Venho fugindo do noticiário desde a noite de ontem. Na tevê, quando apareciam as chamas, eu mudava de canal. Não ouvi rádio pela manhã. Não abri os sites de notícias.
O Museu Nacional é o museu da minha infância. A Quinta da Boa Vista é o jardim do suburbano carioca. É a herança dos nossos antepassados ricos. O lugar para onde meu pai, que cresceu em São Cristóvão, me levava nos fins de semanas ensolarados. Era sempre aquela sensação de “tudo isso é meu”. E é mesmo. Talvez por isso doa tanto. Tudo ali é de uma só família. Tudo ali é – ou era – nosso por direito.
Hoje, almoçando tarde no restaurante vazio, fui pego por um televisor ligado. A morte da História esfregada na minha cara sem qualquer piedade. Meu filho, que não vai conhecer o Museu Nacional, não desgrudava os olhos da tela. Eu querendo ir embora, continuar fugindo. Ele pedindo para ver até o final, para entender aquilo. Eu me retorcendo por dentro, segurando o choro.

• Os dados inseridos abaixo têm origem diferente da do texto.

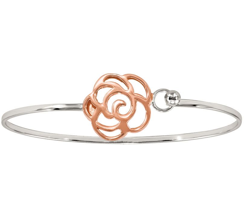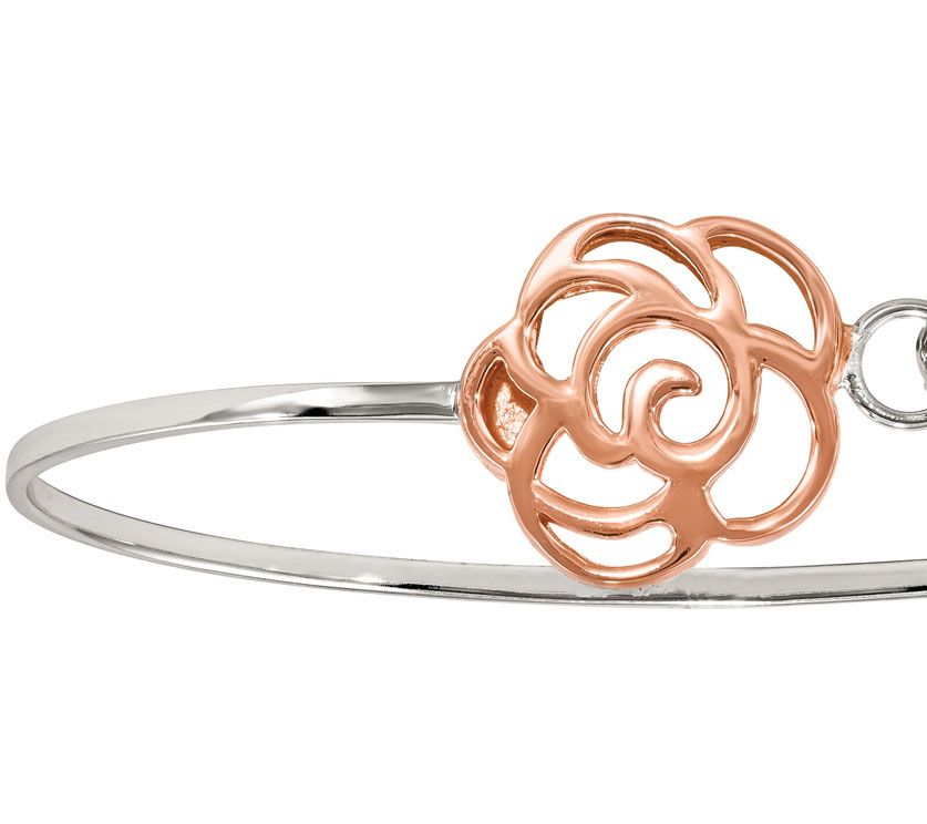 Sterling & 14K Rose Gold-Plated Flower Bangle by Silver Style
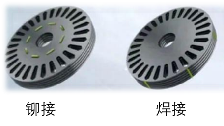 ◉ 永磁电芯的制造过程中,经分条、冲片后通常采用铆接、焊接、或自扣式压装等方式组装成铁芯,然而焊接固定法会造成铁芯边缘短路、绝缘性下降和热变形 造成磁特性变差 等问题。
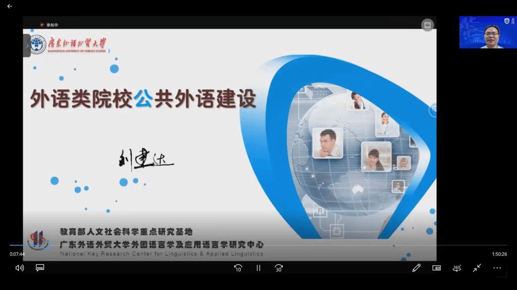 为认真落实教育部关于加强外语院校建设工作要求,11月3日,pg游戏电子模拟器“专英讲堂”举办题为“外语类院校公共外语建设”的在线讲座。讲座特邀教育部大学英语教学指导委员会副主任委员、广东外语外贸大学副校长刘建达教授主讲。来自pg游戏电子模拟器、广东外语外贸大学等国内多所大学的150多位老师参加了讲座。讲座由pg游戏电子模拟器院长侯俊霞主持。

O pior é saber que a morte da História pode ser evitada. Tudo o que aconteceu ontem mostra muito do que somos: estúpidos, irresponsáveis, despreocupados com o que realmente importa. Somos selvagens. Só o meteorito do Bendegó, uma força extraterrena, é capaz de sobreviver à nossa selvageria.
Incapacidade dos bombeiros? Falta de água? Incapacidade a nossa de entender o valor de preservar tudo aquilo. Falta de percepção a nossa, pessoas que não sabem eleger gestores que se importem com nossa História, com o bem público, com nosso patrimônio.
“Museu é chato”, “biblioteca é chato”, “arte é chato”... Tudo que faz pensar é chato em uma sociedade de cultura fraca, que só faz copiar o que há de pior nas outras: a banalidade, o consumismo, a pressa, a violência.
Morreu um museu. Morreu nossa História. Não há NADA que traga isso de volta. Não há dinheiro que compre o que havia lá dentro. Não foi um shopping que queimou. Não tem como “repor a mercadoria”.
E vai acontecer de novo. Muitas vezes. Enquanto formos incultos, desunidos, imbecis ocupados em escolher inimigos, em jogar a culpa no outro. Vai acontecer de novo e de novo enquanto formos selvagens.
Um pedaço enorme de mim morreu queimado na noite de ontem. Um pedaço enorme de cada um de nós. Quem não percebeu isso é só alguém demasiado bruto para viver em um mundo civilizado.